The old tube TV's weren't the most energy efficient, they were just smaller. LCD/LED TVs are more efficient than tubes on a size-for-size basis.

Anyway - my point is that in the summer time especially, it's certainly not out there to consume less than 2 units a day - little/no lighting costs, generally less TV watching, etc. Add a summer holiday into the mix where power consumption drops to near zero, and you could easily drop to an average of less than 2 units, and then get penalized for it.

What I find bizarre about the whole thing is that if you consume 122 units you pay the high rate (assuming a usual 61-day billing period), but if you pay 123 units you pay the low rate - essentially you are being "paid" to use that extra unit of electricity.

n97 mini Registered User
#98

maggy_thatcher said:
The old tube TV's weren't the most energy efficient, they were just smaller.

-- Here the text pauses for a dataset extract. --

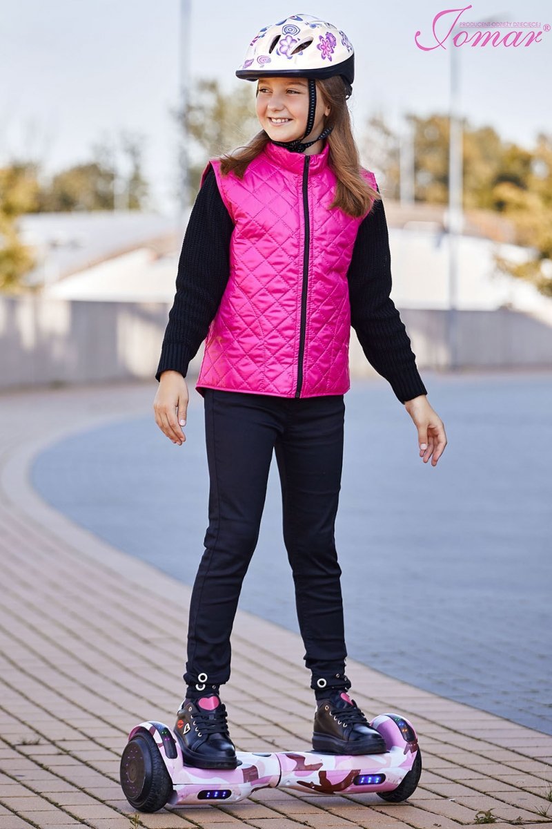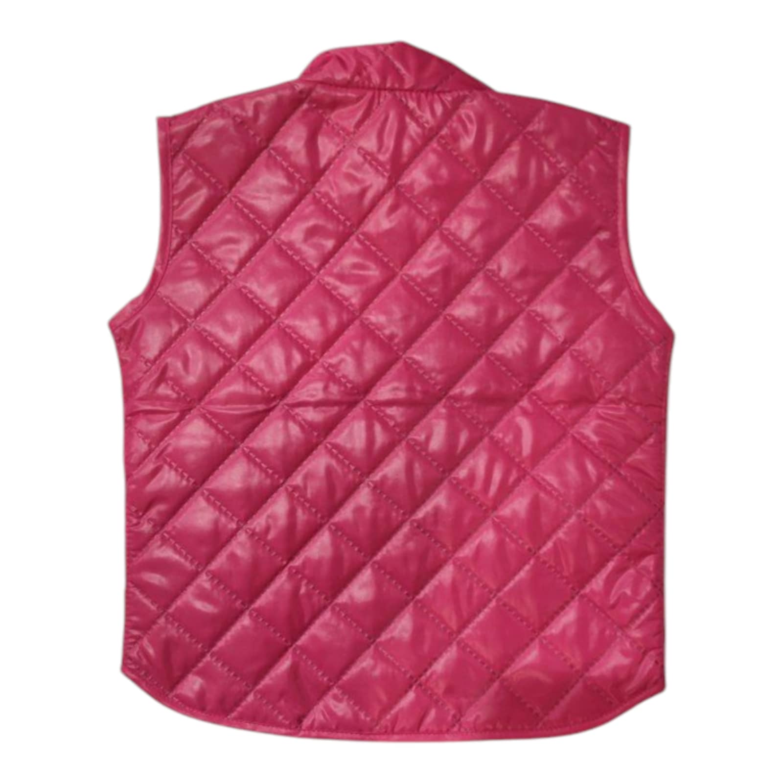 Dievčenská ľahká prešívaná vesta so zapínaním na zips. Po bokoch všité vrecka ,pekná tmavoružová farba .

Size obviously has an effect on the overall consumption, but my 40" LCD consumes almost 3 times what my 32" CRT did, but it is not almost 3 times the size, no matter what way you measure it.

maggy_thatcher said:
LCD/LED TVs are more efficient than tubes on a size-for-size basis.

You shouldn't be grouping LCD and LED TVs together. LED is considerably more efficient than LCD.

#99

Sorry to drag up an old thread but how do they work out four 60W bulbs on for three hours a day is equal to two units?

4 x 60W = 240W
240W x 3hours = 720W

720W = 0.72 kWhr

parsi Banned
#100

View said:
That though is incorrect.

Given the current economic crisis, there are people working abroad for much of the month with their "main homes" (as they'd see it) in Ireland. Their reward for not sitting around on the dole costing the tax-payer money will be to get a nice "Welcome Home" bill from Electric Ireland.


Worryingly if they switch to Airtricity they'll get hit by an across-the-board increase in standing charges in order to cushion Airtricity's profits from the effects of bad debts.